A Hutu businessman, Kabuga is believed to have been the main financier of militias that massacred about 800,000 ethnic Tutsis and moderate Hutus over 100 days during the 1994 Rwandan genocide.
Rwandan prosecutors say Kabuga used his companies to import machetes and gardening tools that were used to slaughter people in the East African country. The businessman is also accused of setting up the Radio Television Mille Collines that urged people to kill anyone who was from the ethnic Tutsi. He further trained the notorious Interahamwe militia, one of the militias that led the massacres, according to Rwandan prosecutors.
“Since 1994, Felicien Kabuga, known to have been the financier of Rwanda genocide, had with impunity stayed in Germany, Belgium, Congo-Kinshasa, Kenya, or Switzerland,” a justice ministry statement said.
In 1997, the UN’s International Criminal Tribunal for Rwanda indicted Kabuga on seven counts of genocide, complicity in genocide, direct and public incitement to commit genocide, attempt to commit genocide, conspiracy to commit genocide, persecution and extermination.
The wealthy businessman became Rwanda’s most-wanted man and the U.S. offered a $5 million reward for information leading to his arrest.
The Rwanda tribunal formally closed in 2015 and its duties have since been taken over by the Mechanism for International Criminal Tribunals (MICT), which also handles cases left over from the International Criminal Tribunal for the former Yugoslavia.
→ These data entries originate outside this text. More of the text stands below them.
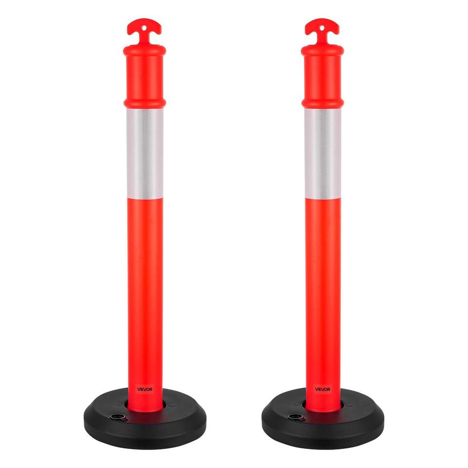 ชุดเสาจราจรแบบหนาพิเศษ 2 ชิ้น ขนาด 48 นิ้ว พร้อมฐานเติมน้ำได้ แถบสะท้อนแสง กรวยจราจร ผลิตภัณฑ์เตือนภัยเพื่อความปลอดภัยทางจราจร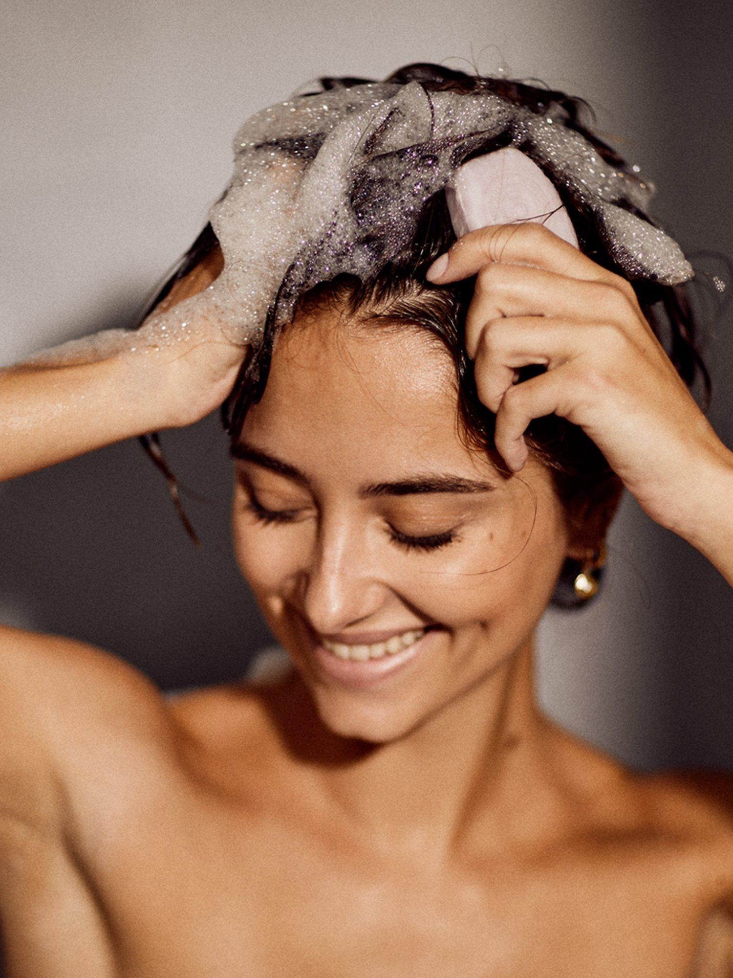 A solid, sustainable, gentle shampoo for all hair types that promotes healthy hair and scalp.
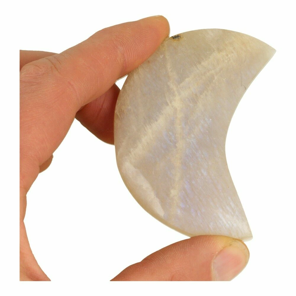 Mooie A-kwaliteit maansteen maan met fraaie blauwe glans uit Tanzania. Deze fraaie maansteen maan met blauwe glans is ongeveer 7-8cm hoog, 5-6cm breed en 1,2-2cm dik. Iedere maansteen maan heeft een blauwe glans bij de juiste lichtinval, super mooi! Je ontvangt een soortgelijke maansteen maan als op de foto.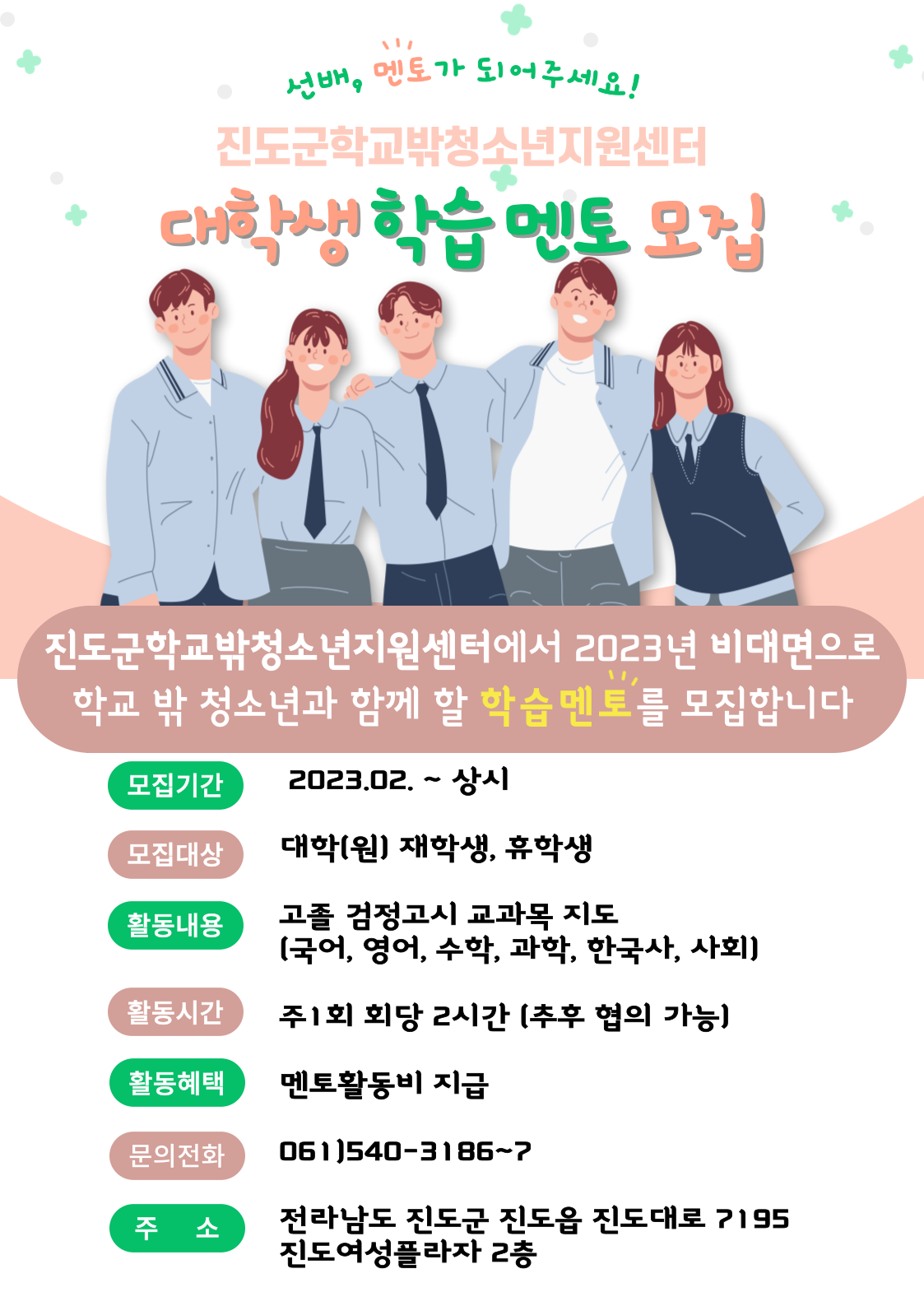 ■진도군학교밖청소년지원센터■ 검정고시 대비 비대면 대학생 학습멘토를 모집합니다!

“The arrest of Felicien Kabuga today is a reminder that those responsible for genocide can be brought to account, even 26 years after their crimes,” said Serge Brammertz, chief prosecutor of the MICT in The Hague.
“Today’s arrest underlines the strength of our determination.”
The prosecutor commended French authorities, saying the arrest “could not have been made without their exceptional cooperation and skill”, and also expressed appreciation to other countries that helped including Rwanda, Belgium, the UK, Germany, the Netherlands, Austria, Luxembourg, Switzerland, the US, and other international organizations such as Europol and Interpol.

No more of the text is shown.